Description of the task
Go to the line containing "Turck QS18VN6LVQ8 Opto" below; retype it and all following lines exactly, and leave out the pictures.

Dataset section
<<<<
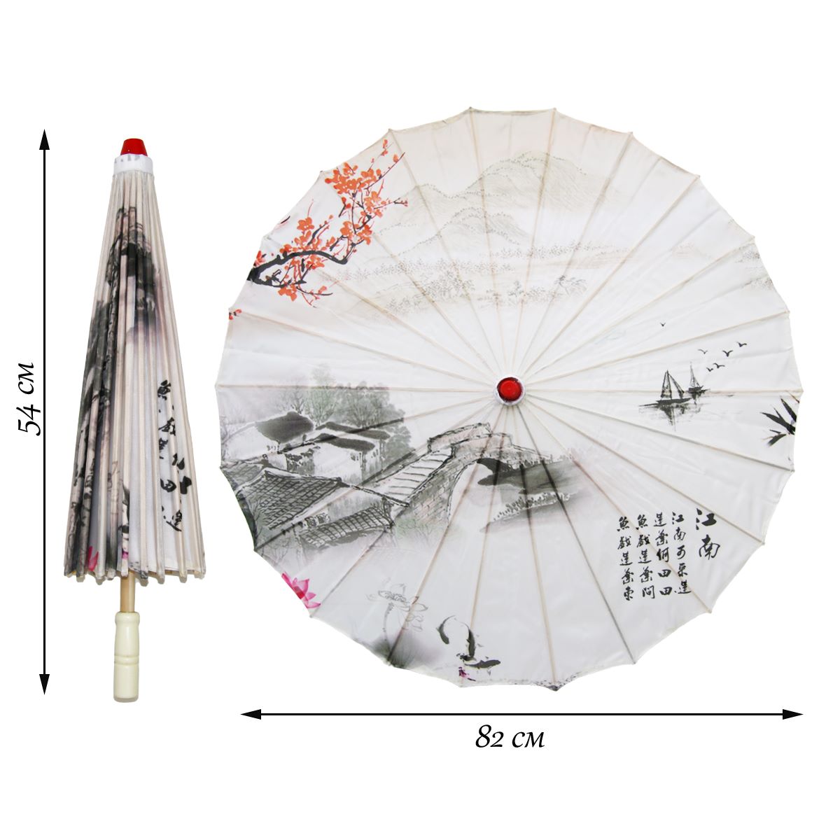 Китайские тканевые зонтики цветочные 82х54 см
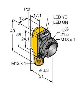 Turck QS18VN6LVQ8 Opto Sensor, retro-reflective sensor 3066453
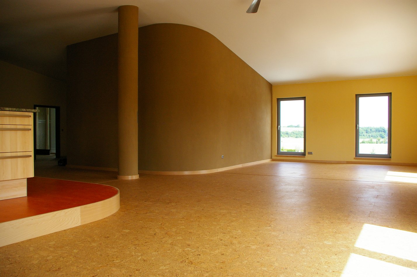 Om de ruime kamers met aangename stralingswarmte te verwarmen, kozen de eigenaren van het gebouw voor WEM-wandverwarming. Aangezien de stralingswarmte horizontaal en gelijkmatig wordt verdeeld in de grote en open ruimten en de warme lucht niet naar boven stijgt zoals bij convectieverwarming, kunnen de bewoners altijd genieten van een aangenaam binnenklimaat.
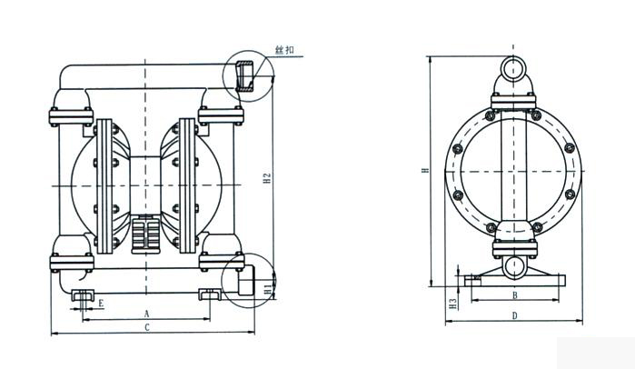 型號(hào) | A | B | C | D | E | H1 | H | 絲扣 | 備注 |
>>>>
Your solution
 Turck QS18VN6LVQ8 Opto Sensor, retro-reflective sensor 3066453
 Om de ruime kamers met aangename stralingswarmte te verwarmen, kozen de eigenaren van het gebouw voor WEM-wandverwarming. Aangezien de stralingswarmte horizontaal en gelijkmatig wordt verdeeld in de grote en open ruimten en de warme lucht niet naar boven stijgt zoals bij convectieverwarming, kunnen de bewoners altijd genieten van een aangenaam binnenklimaat.
 型號(hào) | A | B | C | D | E | H1 | H | 絲扣 | 備注 |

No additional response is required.